INTEC   05402
INSTITUTO DE DESARROLLO TECNOLOGICO PARA LA INDUSTRIA QUIMICA
Unidad Ejecutora - UE
congresos y reuniones científicas
Título:
Particle Size Distribution from Combined Light Scattering Measurements. A Neural Network Approach for Solving the Inverse Problem
Autor/es:
STEGMAYER, G.S.; CHIOTTI, O.A.; GUGLIOTTA, L.M.; VEGA, J.R.
Lugar:
La Coruña (España)
Reunión:
Congreso; IEEE International Conference on Computational Intelligence for Measurement Systems and Applications (CIMSA); 2006
Resumen:
A method is proposed for estimating the particle size distribution (PSD) of a latex with particle diameters in the submicrometer  range, from combined elastic light scattering (ELS) and dynamic light scattering (DLS) measurements.
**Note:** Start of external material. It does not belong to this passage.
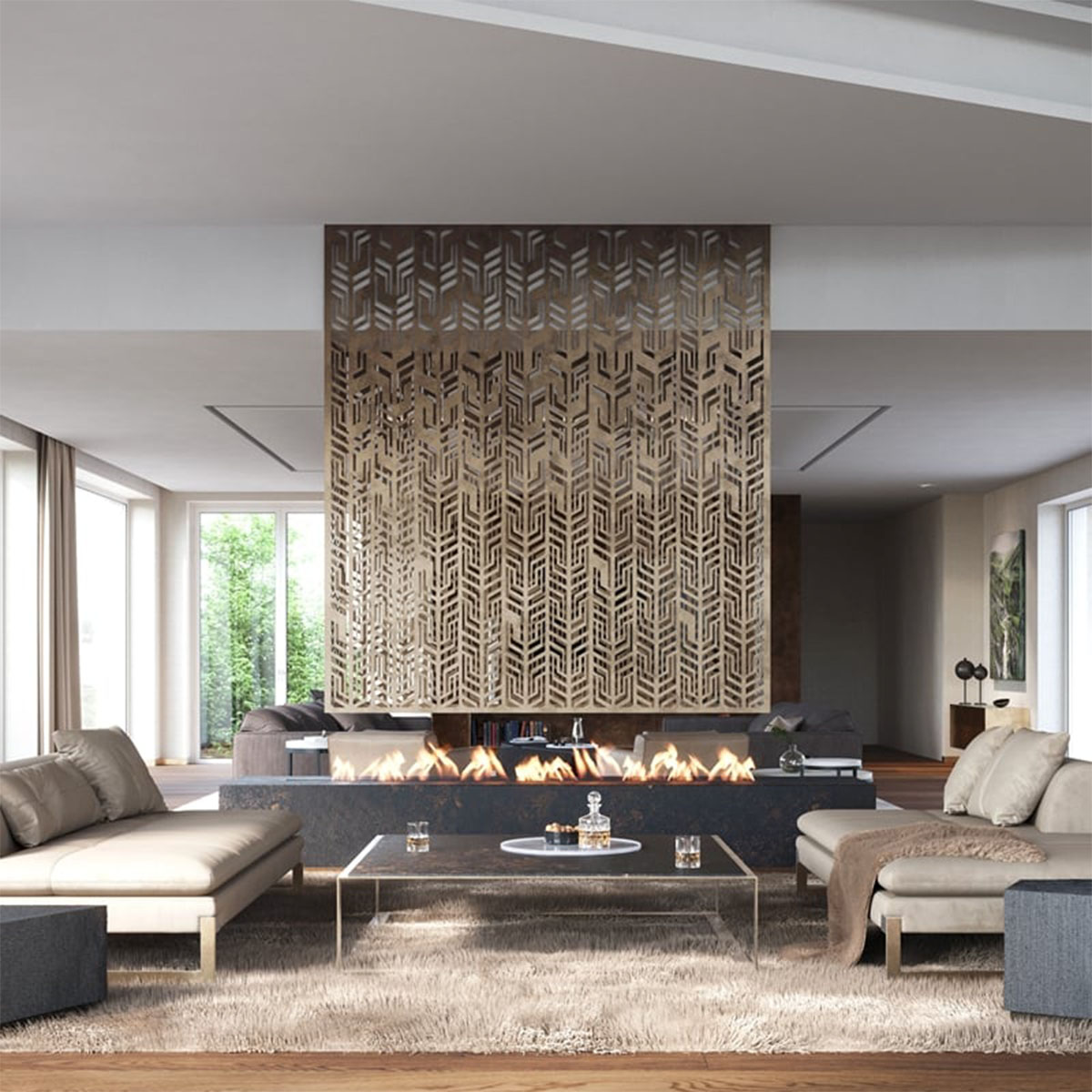 Inspirations ecological fire: the mix of the cultures and the atmospheres! This will be a great idea for super interior fire space design.

The method is implemented through a general regression neural network (GRNN), that estimates the PSD from the ELS measurement carried out at several angles together with the average diameters of the PSD predicted by the DLS measurement at the same angles. The GRNN was trained with several measurements simulated on the basis of typical asymmetric PSDs. The ability of the trained GRNN was tested on the basis of two synthetic examples. The estimated PSDs are more accurate than those obtained through standard numerical techniques for ‘ill-conditioned’ inverse problems.